The film served as a career milestone and a breakthrough for several cast members, establishing them as actors and surging their popularity to the point where "getting mobbed by passionate fans has become part of their everyday life." Several cast members went on to become Neo's frequent collaborators, returning for future installments in the franchise. A musical theatre adaptation of Ah Boys to Men and its sequel ran in April 2014, featuring several members of the original cast.

==Themes==
The central theme of this film is National Service in Singapore, a popular topic amongst Singaporeans. It is meant to commemorate the 45th anniversary of Singapore's NS in conjunction with MINDEF's campaign that year, From Fathers to Sons. Director Neo stated that the narrative revolves around camaraderie and family. Through a father and son relationship, the film presents two contrasting attitudes toward NS, a distinction that Dylan Tan suggested may set the film apart from the official messaging of the official campaign. Derek Elley of Film Business Asia further argued that NS operates in the film as a metaphor for the strictures of everyday life in Singapore.

While other works by Neo subtly critique local social issues, scholars Chang and Ho noted that Ah Boys to Men presents the Singapore Armed Forces favorably. They also described in their essay on civil-military relations in Asia that the film's production demonstrates the Singaporean military's cooperative relationship with civilian institutions.
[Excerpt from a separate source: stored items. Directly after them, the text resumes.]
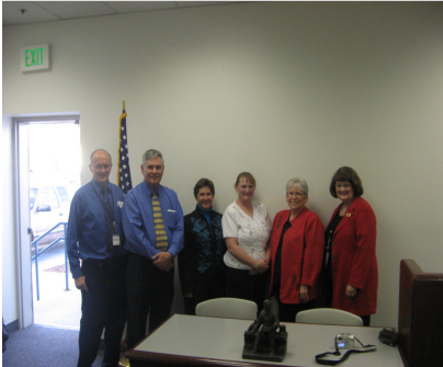
Trustee Conference Attendees

Utah State Library and Utah Library Association sponsored their first joint regional Trustee conference at Logan Public Library on November 5 th . Virtually all in attendance considered it an overwhelming success with nearly 90% requesting another conference in the coming year. Their other comments included: "great resources," "got us thinking," entertaining, fast paced, good handouts, "very informative for a new trustee like me," and "thanks for exposing me to technology innovations I did not know existed." There were 25 trustees and nine directors and staff who attended to learn about 21st Century Skills, new technology and their Utah Library Association. The North Central conference will be held November 18th at the State Library.
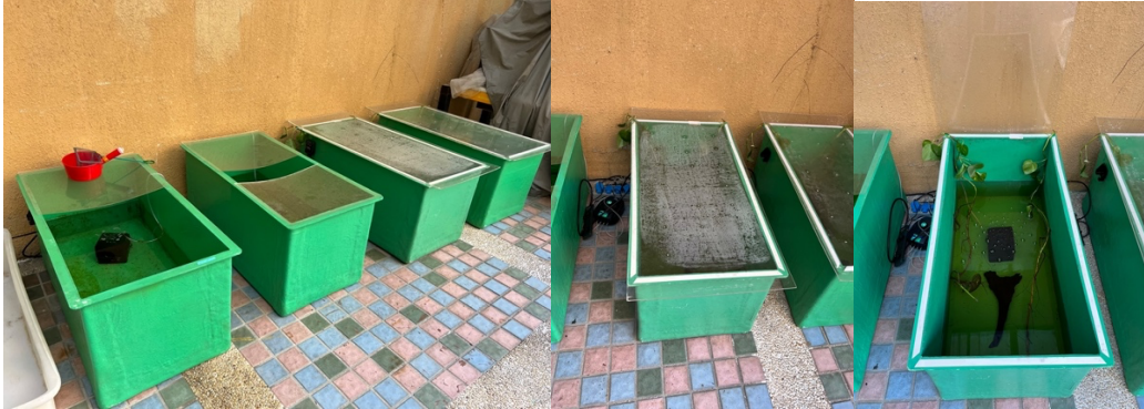
Fig. 2 - Fibreglass outdoor growing tanks.
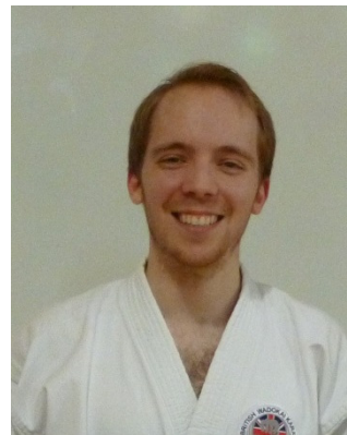
Senior Instructor to Zanshin Karate Club, Burgess Hill, Sussex.
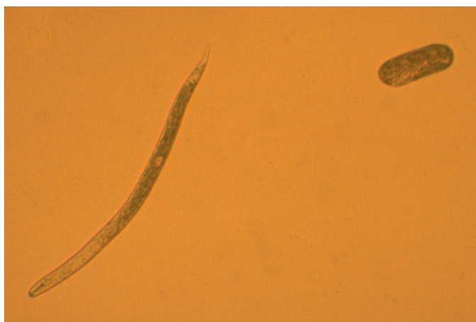
Hatched juvenile (worm) and egg of SCN.

Some laboratories offer both cyst and egg counts, whereas many others only offer egg counts. The processing fee for cyst counts typically is less than that for egg counts, but cyst counts do not provide as much information as egg counts because of the variable number of eggs per cyst.
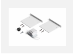
04-00101, B 2xend cap - metal, 5- conductor terminal box, grommet
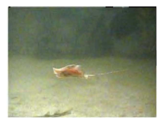
Fig. 3: Newly born pups of stingray.
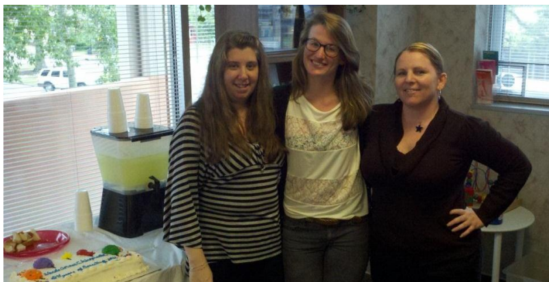
Staff members at Wards Corner Chiropractic celebrate the office's 25th anniversary at Wards Corner, and most recent Virginian Pilot "Best of" award in May.
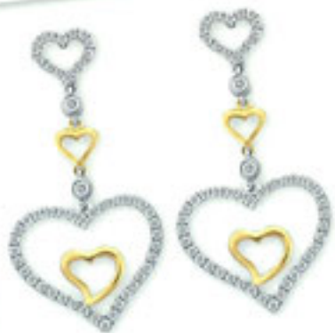
Diamond & Platinum Gold and white gold diamond earrings, RM3,312
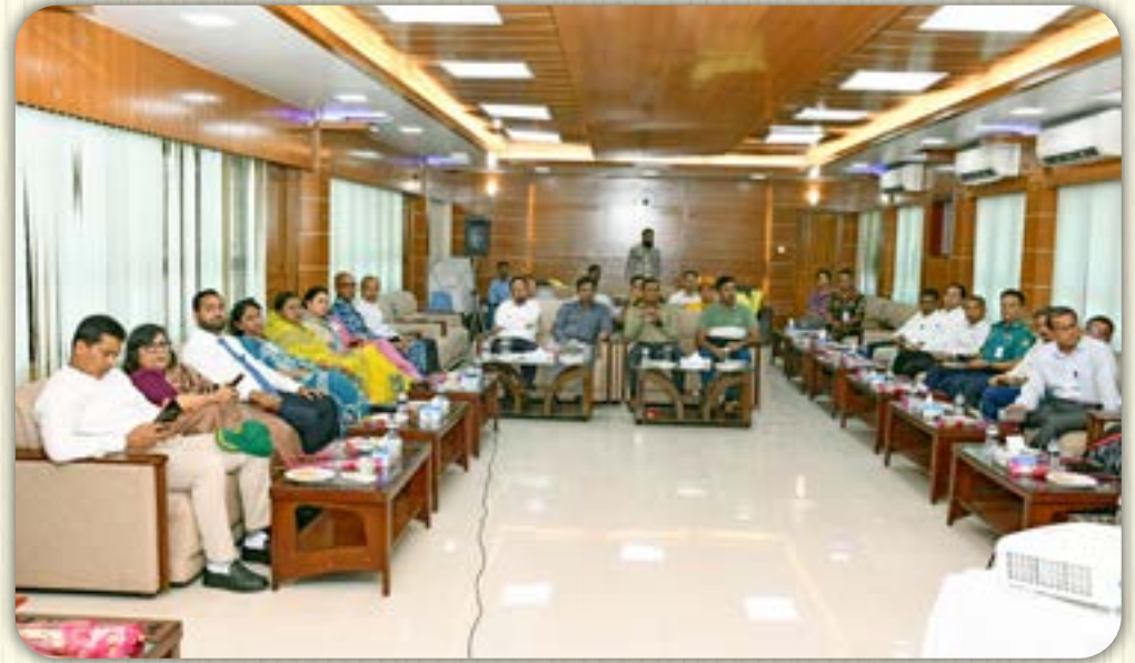
Office of the Deputy Commissioner, Cox's Bazar 25 April 2024
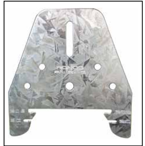
RONDO 311D DUAL DIRECT FIX CLIP

To view Rondo's latest products and download our Tech Briefs, visit www.rondo.com.au or alternatively, simply scan the QR code alongside.

Likewise, Stephen Teo explained that the film reflects Neo's filmmaking approach of critiquing the city-state system as an insider and beneficiary. Teo argued that in his film, Neo depicts NS positively as an institution while offering social critique. The film also dipped into culture of taking advantage of the system, such as faking illness to avoid training.

In Ah Boys to Men, Singaporean recruits from various ethnic backgrounds build camaraderie during NS. Nasir and Turner wrote in their book chapter on NS, that film presents NS as a rite of passage that teaches the "norms of being a well-adjusted citizen." They also noted that themes of independence, masculinity, and loyalty are shared with Army Daze, another Singaporean film with similar premise. Chia-Yuan Huang explained in their paper that the film's narrative emphasizes NS as a source of multiethnic unity. Moreover, the support from MINDEF and the Media Development Authority demonstrates an exercise of "soft governance" that highlights cultural differences framed within a national narrative of harmony. Meanwhile, John Lowe posited in the Asian Studies Review that through the opening sequence, the film proposes by tapping on Asian values that conscription is necessary to protect and maintain Singapore's developed economy. This interpretation implied that the survival of Singapore relies on the state's paternalistic rule, while also framing NS as a sacrifice that masculinizes conscripts and constructs nationalism.